1-熱狂的な支持者によって革新的ともてはやされる「新しい人」のなかに見出される俗っぽい趣味が、「別の」趣味を創造しようとする後続する者に困惑と安心を与え、抑圧を緩和する方向に働く。このような「新しい人」を裸の王様に見立てては神話解体を装う新たな神話の作成者に名を連ねないようにしよう。多くの神話に彩られ、自ら神話の贋作を語りもしたマイルス・デイヴィスは、なお私たちに音楽を通じて啓示を垂れてくれるかのように思われる。指導者マイルスを引いた群衆の音楽。目立ちたがりのこの男が匿名的になろうとするとき、第三の意味でのエキゾチックが開かれる。

http://www.allmusic.com/album/on-the-corner-mw0000197892

2-ブエノスアイレス録音。エレクトリック・マイルスならぬエレクトリック・タンゴとでも呼べそうな本作は、憂愁に流れず高速度で鋭い不穏がパーカッシヴに奏でられる。バンドネオンの神経症的な震えを、アダルベルト・セバスコのベース、オラシオ・マルビチーノのギターがウォームアップすることで、逆に感傷に陥らず「クール」が保たれる。再リリースにともなって、新録音が三曲追加されているほか、ドラムのオーバー・ダビングが施されている。

http://www.verifyandbuy.com/detail.php?id=57505414

3-ツーリストの好奇心と民俗音楽研究者の生真面目を迂回し、人類学者の叡智に近づく挑発は真摯であり、一時の高揚に流されるものではない。「熱病の起原」と題されたセルフ・ライナーノーツを、エキゾチシズムの自己分析として読んでみること(「三」という単語が読まれる筈だ)。
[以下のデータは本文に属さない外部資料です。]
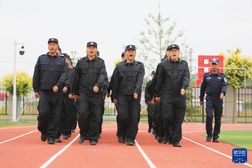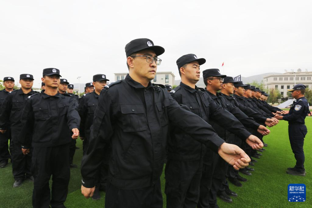 8月28日,李建国(前排右一)在甘肃省定西市公安局警务技能训练基地参加训练。新华社发(王克贤 摄)
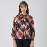 クレストブリッジチェック柄のサテン素材を使用したブラウスです。首元の大きめリボンがポイントです。短かすぎない丈感とベーシックな形でボトムスを選ばず、きれいめスタイル、カジュアルスタイルはもちろん、羽織りアイテムとしても活躍します。首元のリボンは取り外し可能です。
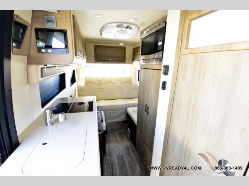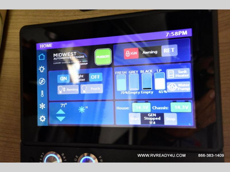 Each Legend Class B gas motorhome by Midwest Automotive Designs offers a Ram ProMaster chassis, a ECO charging system, a 100 watt rooftop solar charging system, a rear hitch with a wiring package if you need to pull a trailer or such, and a rear back-up camera system for easy parking. Inside you can ride and stay in luxury on leather seating while appreciating the custom dash and door handle wood grain upgrade, the custom Maybach style seating with seat belts, and the kitchen amenities to make warm meals. Start traveling today in your own Legend!
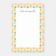 Chic personalised notes feature a border of summery golden yellow watercolor pineapples on a blush pink background, with your name or choice of personalisation in handwritten script lettering.
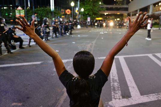 CHARLOTTE, USA - MAY 31: Following the death of George Floyd in Minneapolis, protest in downtown Charlotte turn violent in NC, United States on May 31, 2020 (Photo by Peter Zay/Anadolu Agency via Getty Images)
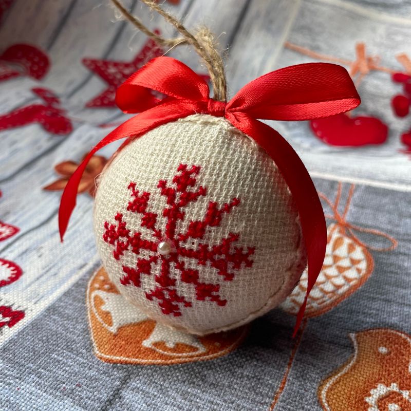 This delicate ornament brings the beauty of snowy winter into your home. The hand-embroidered snowflake creates a perfect contrast that immediately catches the eye. The elegant ribbon and natural jute cord give the ornament rustic charm with a touch of Christmas elegance.
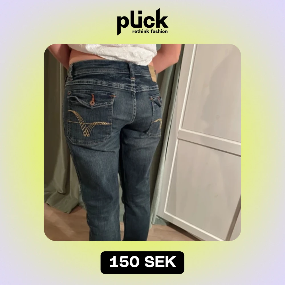 Lågmidjade mörkblå jeans med detaljer och design. Jeansen är raka i modellen.
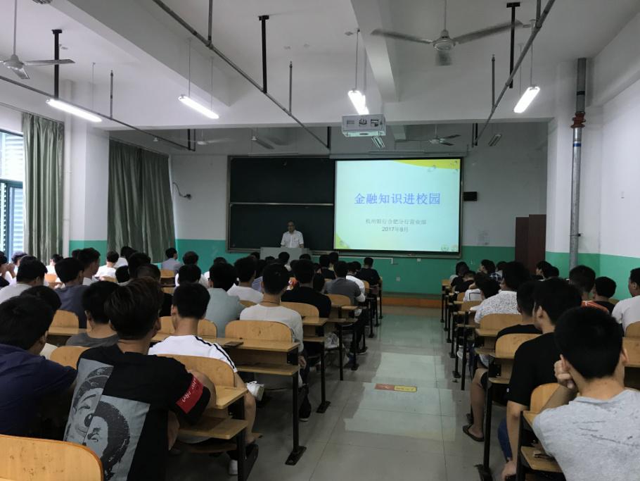 为加强大学生金融知识宣传教育,提高大学生风险防范和使用正规金融服务的意识,院团委与杭州银行合肥分行营业部联合开展了“金融知识进校园”专题讲座活动。活动于9月27日下午4:15在综合楼101教室举行,讲座由杭州银行合肥分行营业部总经理助理李健主讲,学院2017级近200名新生同学参加了此次活动。
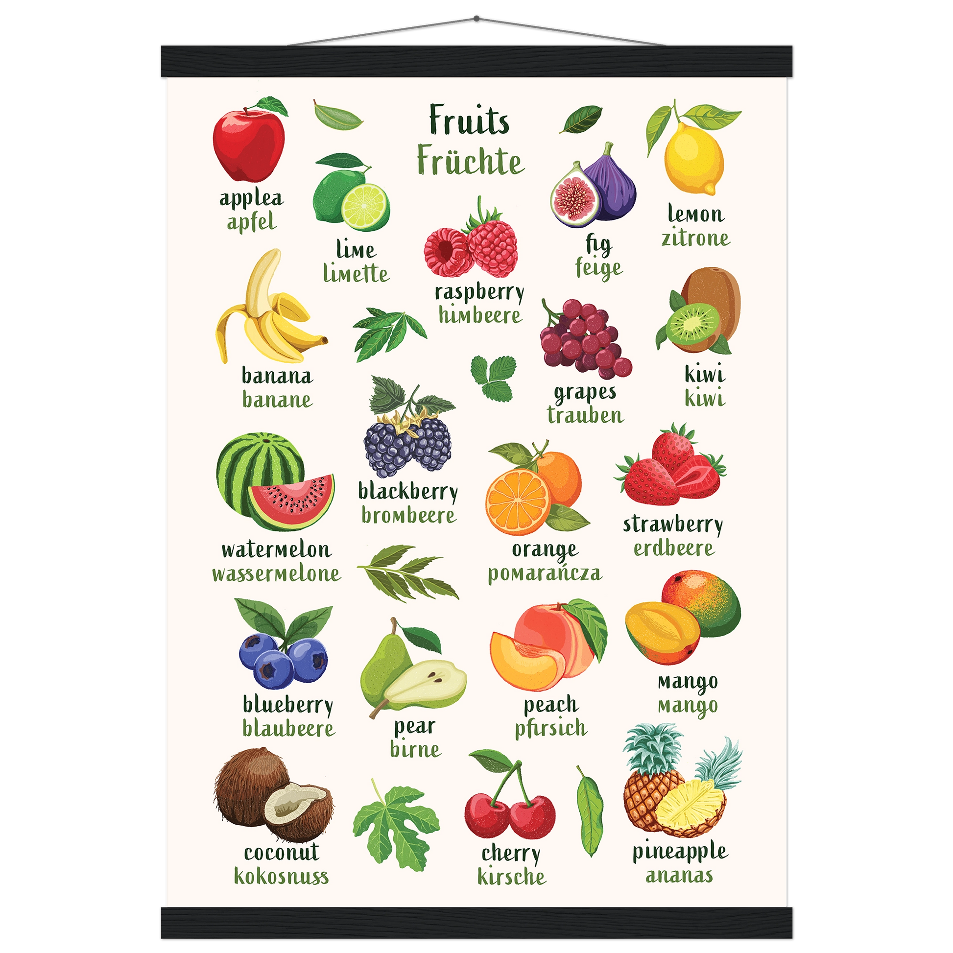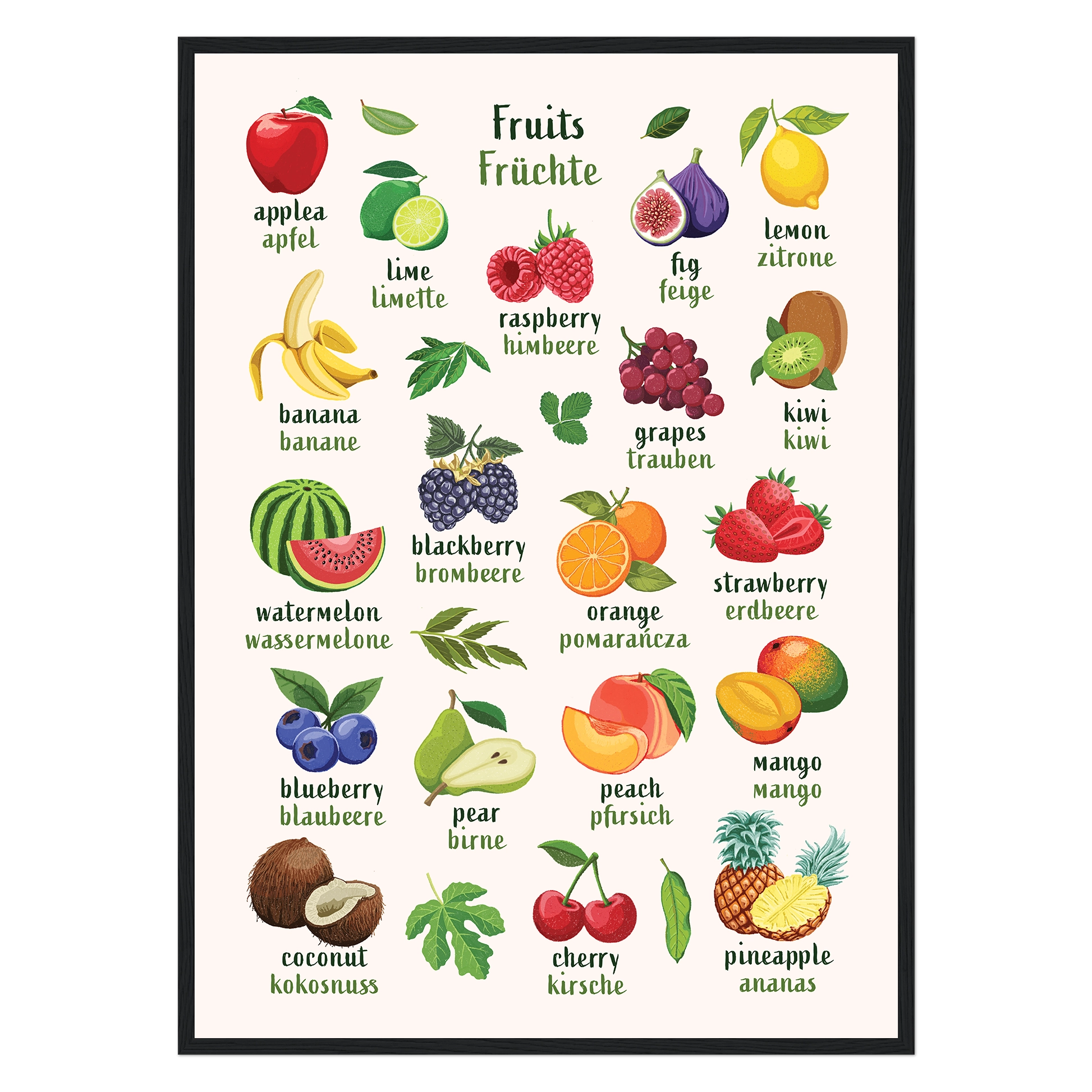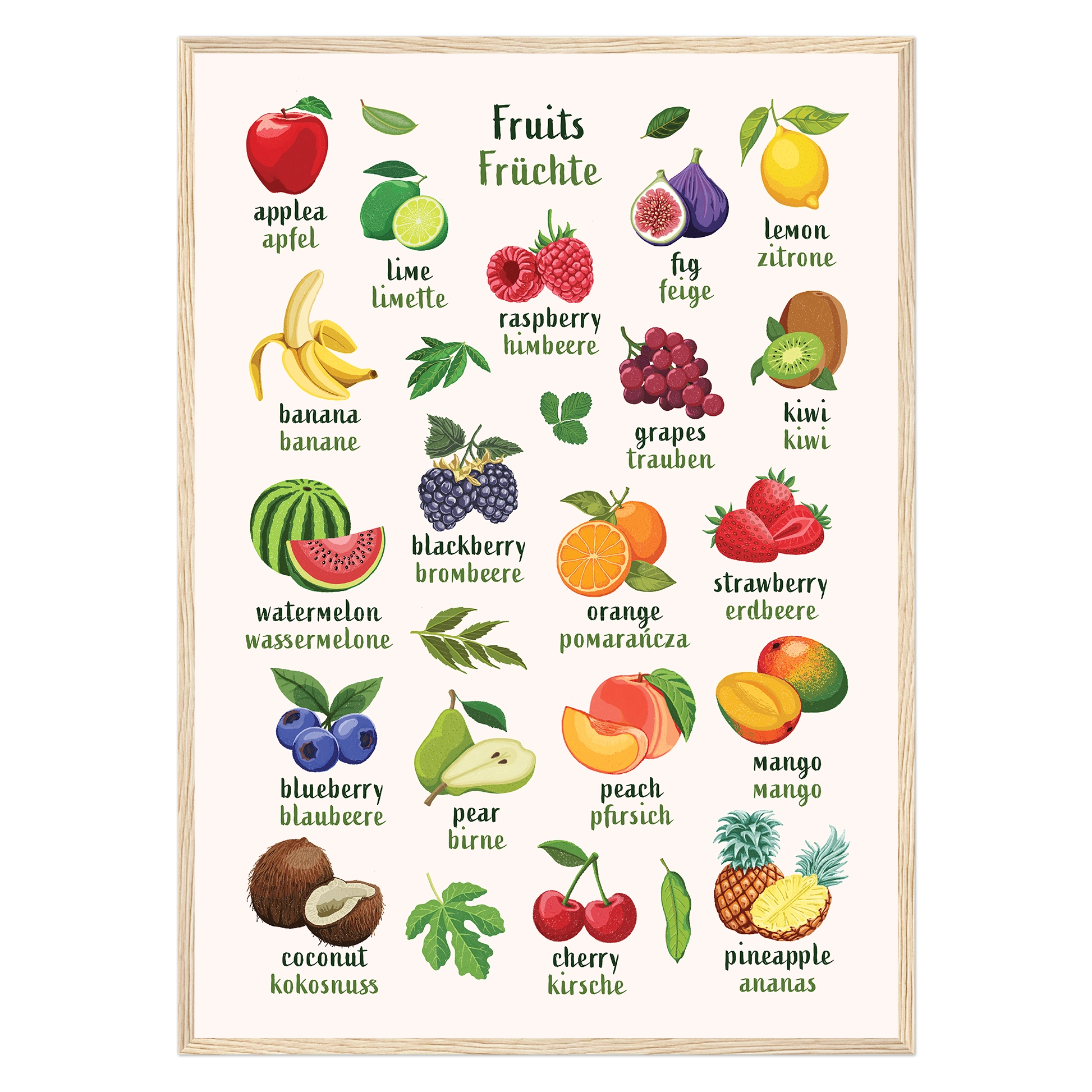 Encourage bilingual learning with this beautifully illustrated fruit poster for kids. Designed to support early language learning, each piece of fruit is labeled with its name in both English and German — making it easy and fun for toddlers and children (and parents!) to learn new vocabulary together.

https://web.archive.org/web/20070301205039/http://www.ewe.co.jp/archives/2006/10/la_pensee_sauvage_1.php
https://web.archive.org/web/20050406004831/http://www.net-flyer.tv/flyer/caltural_cipher/2005/4/

4-チャーリー・パルミエリの鍵盤を、さらにはヴィニー・ベルのエレクトリック・ギターを迎えて同時代のブラック・ミュージック、とりわけファンクと共振しようとした熱気が伝わってくるし、それがあざとく聞こえない。いつも以上に加速するだけでなく、ビッグ・バンド編成の映画音楽のアレンジを上手く消化しているように思う。公開されて間もない『ラスト・タンゴ・イン・パリ』から、表題曲のカバーを含む。

http://www.ticro.com/search/T10001618/11/detail/
https://soundsoftheuniverse.com/product/tito-puente-tito-puente-and-his-concert-orchestra

5-映画『黒いオルフェ』(マルセル・カミュ)のサウンドトラック。リオ・デ・ジャネイロで蘇る異色のオルフェとユーリディスの物語。アントニオ・カルロス・ジョビンとルイス・ボンファが楽曲を担当。このような仕組みを見ても、カミュが当時エキゾチシズムに促されて映画を作っていたことはまず疑いない。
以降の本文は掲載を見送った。